## Exercise goal
Two lines in the data below mark the range: the one with "Caroline's Treasures CJ1046-TCC" and the one with "2. Why the astronomical". Return both, along with every line between them, exactly.

--- Given information Enclosed Below ---

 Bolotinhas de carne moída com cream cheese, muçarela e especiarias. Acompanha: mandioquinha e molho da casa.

--- End of Enclosed Given information ---
--- Given information Enclosed Below ---

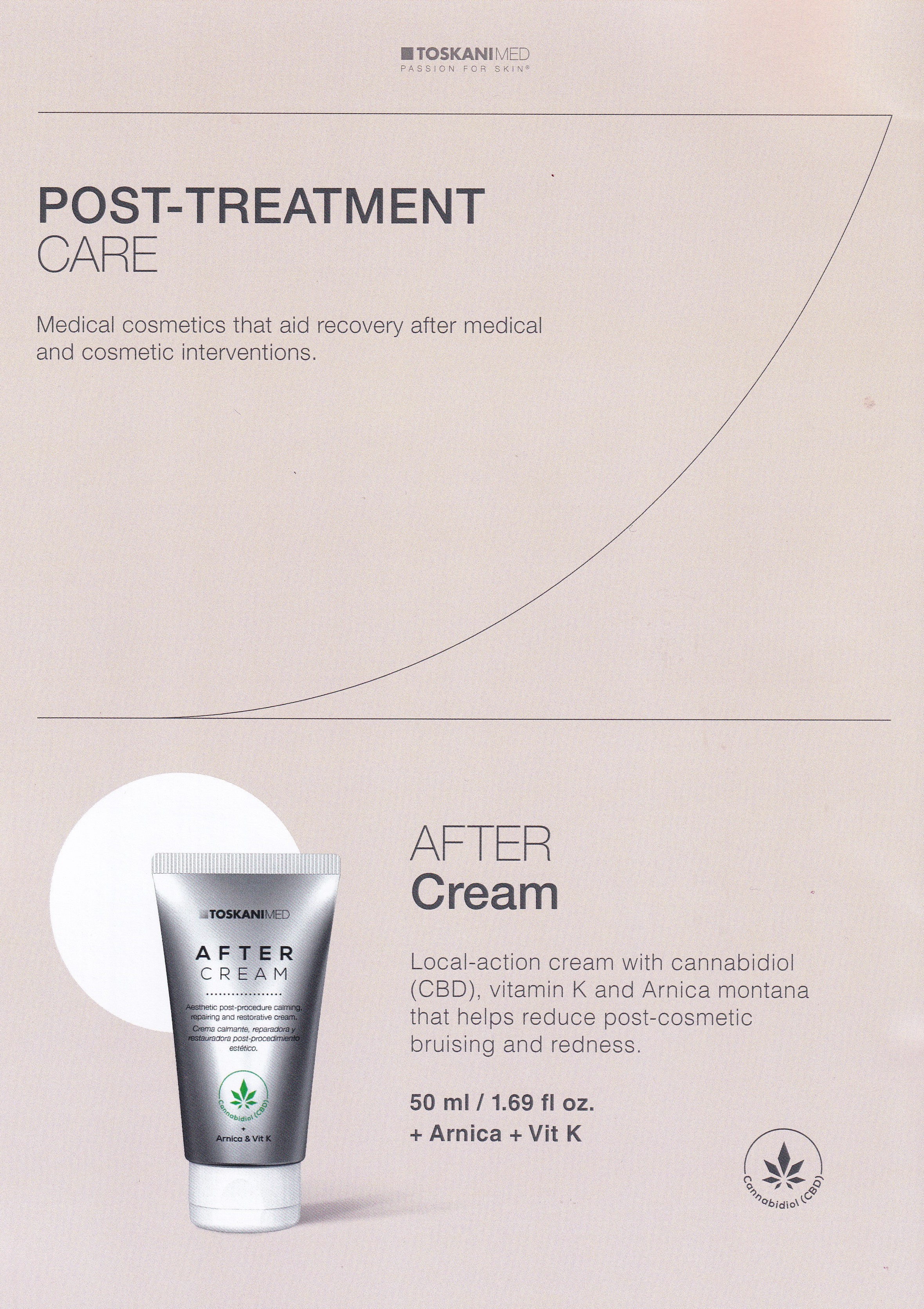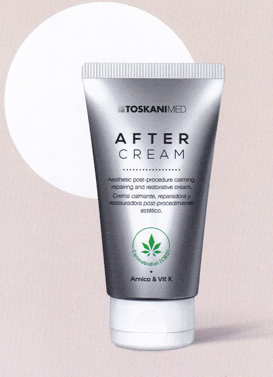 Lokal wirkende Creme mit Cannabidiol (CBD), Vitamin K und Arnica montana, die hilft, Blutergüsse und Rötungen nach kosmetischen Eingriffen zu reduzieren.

--- End of Enclosed Given information ---
--- Given information Enclosed Below ---

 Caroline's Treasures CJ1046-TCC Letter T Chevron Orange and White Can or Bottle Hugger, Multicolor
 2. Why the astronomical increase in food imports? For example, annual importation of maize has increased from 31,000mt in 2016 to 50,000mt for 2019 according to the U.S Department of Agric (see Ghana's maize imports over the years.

--- End of Enclosed Given information ---

## Task solution
 Caroline's Treasures CJ1046-TCC Letter T Chevron Orange and White Can or Bottle Hugger, Multicolor
 2. Why the astronomical increase in food imports? For example, annual importation of maize has increased from 31,000mt in 2016 to 50,000mt for 2019 according to the U.S Department of Agric (see Ghana's maize imports over the years.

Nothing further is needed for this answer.